The exhibition not only gives Meadows a chance to showcase its prized possession, called Beach at Portici (1874), but nearly 70 other works by 23 different artists.
"During his lifetime and well into the early 20th century, Fortuny was extremely popular in both Europe and the United States," the museum says in a release. "His proto-Impressionist style and “exotic” genre scenes influenced so many artists that the style came to be described with its very own 'ism:' 'Fortunismo.'"
"Fortuny: Friends and Followers" will explore that legacy by assembling works from a diverse group of artists, including William Merritt Chase (1849-1916), Jean-Léon Gérôme (1824-1904), Jean Louis Ernest Meissonier (1815-1891), John Singer Sargent (1856-1925), and James Tissot (1836-1902), as well as major works by Fortuny.
The exhibition addresses a variety of themes, the museum says, including intimate representations of family and home, cosmopolitan life in Europe’s major cities at the time, and the connections between and among the artists themselves. Notable works included in the show are Fortuny's The Choice of a Model (1868-74), an important work by the artist on long-term loan from the National Gallery of Art, Washington, D.C., as well as drawings and illustrated letters from the album compiled by William Hood Stewart (1820-1897), Fortuny’s chief American patron.
“Such was the power of ‘Fortunismo’ that nearly 20 years after his death, the artist’s last painting was a celebrated work at the 1893 World’s Columbian Exposition in Chicago, which was visited by more than 27 million people,” says Mark Roglán, the Linda P. and William A. Custard Director of the Meadows Museum, in the release. “Part of Fortuny’s success came from his willingness to combine traditional sensibilities with the experimentation taking place across much of the art world at the time. His pieces not only charmed and engaged critics and collectors, they found a willing audience among other artists, who sought to learn from his vibrant style and adapt its lessons for their own work. It is these connections between artists that the exhibition brings to light.”
Meadows Museum Curator Amanda W. Dotseth added, “Today Fortuny is not a household name, but his popularity and influence in the 1860s and early 1870s cannot be overstated. He was one of the best-selling artists of his time and lived a cosmopolitan lifestyle that seamlessly blended work with leisure.
"He traveled frequently between southern Spain, Paris, Rome, Naples, and Venice with an impressive entourage of friends and followers in tow. And, although he died at only 36 years old, his legacy long survived him through his works, which would inspire later generations of artists, from Vincent van Gogh to Dalí and Picasso.”

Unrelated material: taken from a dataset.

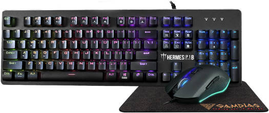 GAMDIAS Hermes P1B 3 In 1 Combo Wired Keyboard / Mouse / Mouse Mat, RGB Mechanical Keyboard, Breath Lighting 3200 DPI Optical Mouse, Non-Slip Gaming Mouse Mat, Ergonomic, Black | GD-P1B-3-IN-1-COMBO
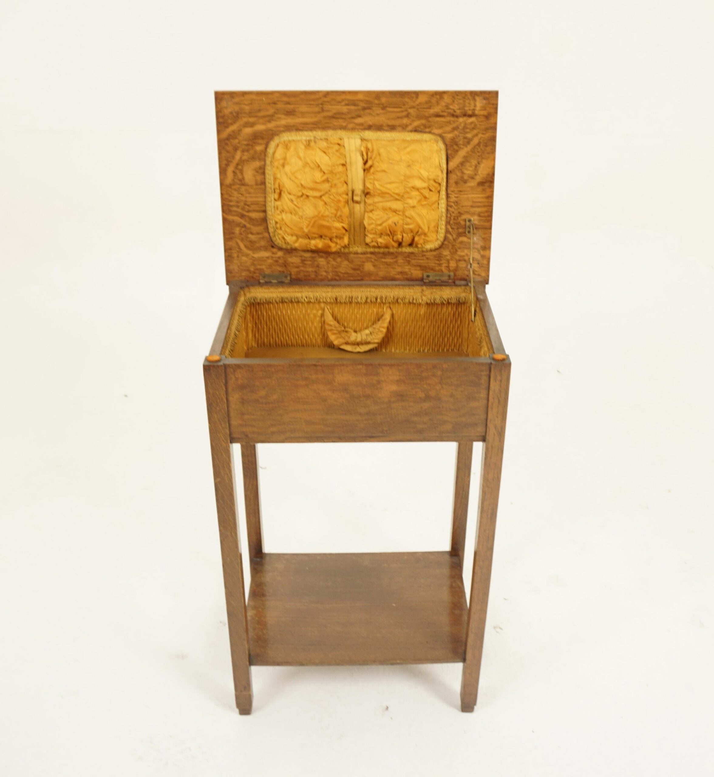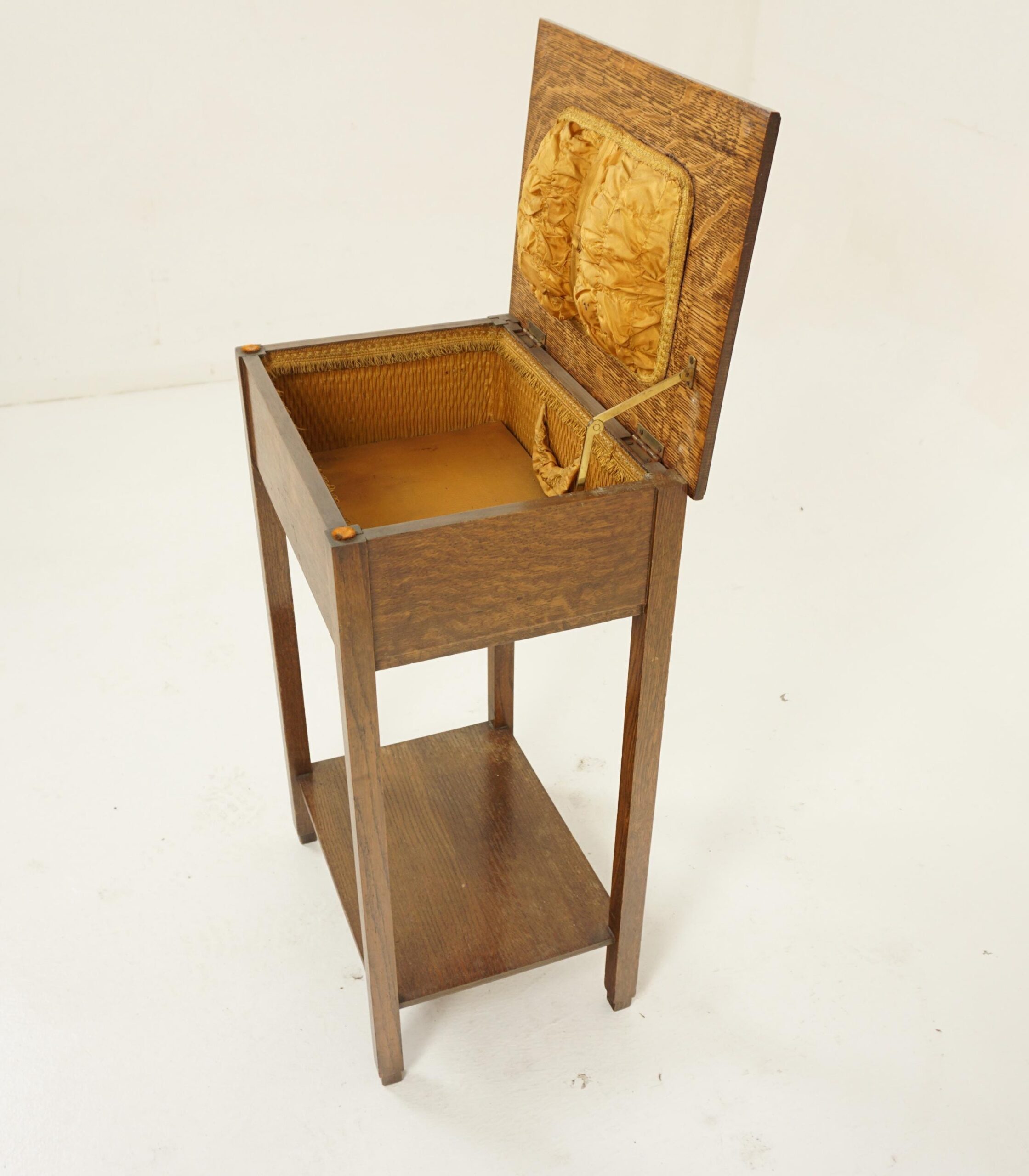 Vintage Oak Lift top Sewing Box, Nightstand Scotland 1920 F-1291

The exhibition will run through June 2. The Meadows Museum is the leading U.S. institution focused on the study and presentation of the art of Spain.
Special events
The Meadows will host monthly gallery talks by three special lectures, each addressing different artists and aspects of the works represented in the exhibition:
February 7
"The Spanish Look: Fortuny, Frenchmen, and the Sombrero Calañés"
By Daniel Ralston, Meadows Curatorial Fellow
This lecture explores how Fortuny, his artistic circle, and his principal American collectors sought to define, construct, and propagate their own unique image of Spain.
March 7
"Eakins, Sargent, and Chase: Fortuny’s Divergent American Admirers"
By Brian Allen, independent art historian
This talk examines the Spanish master’s appeal to a range of young American painters working in differing styles, from Thomas Eakin’s realism, to John Singer Sargent’s painterly naturalism, and William Merritt Chase’s adaptation of brushwork akin to Impressionism.
April 11
"Dressing the Model"
By Gloria Groom, chair of European painting and sculpture, Art Institute of Chicago
This lecture will explore why and how the artists of Mariano Fortuny’s circle — Tissot, Gérôme, Alfred Stevens, and other so-called academic painters — used fashion in their portraits and genre scenes, as well as how these artists intersected with the Impressionists, including Renoir, Monet, Degas, and Manet.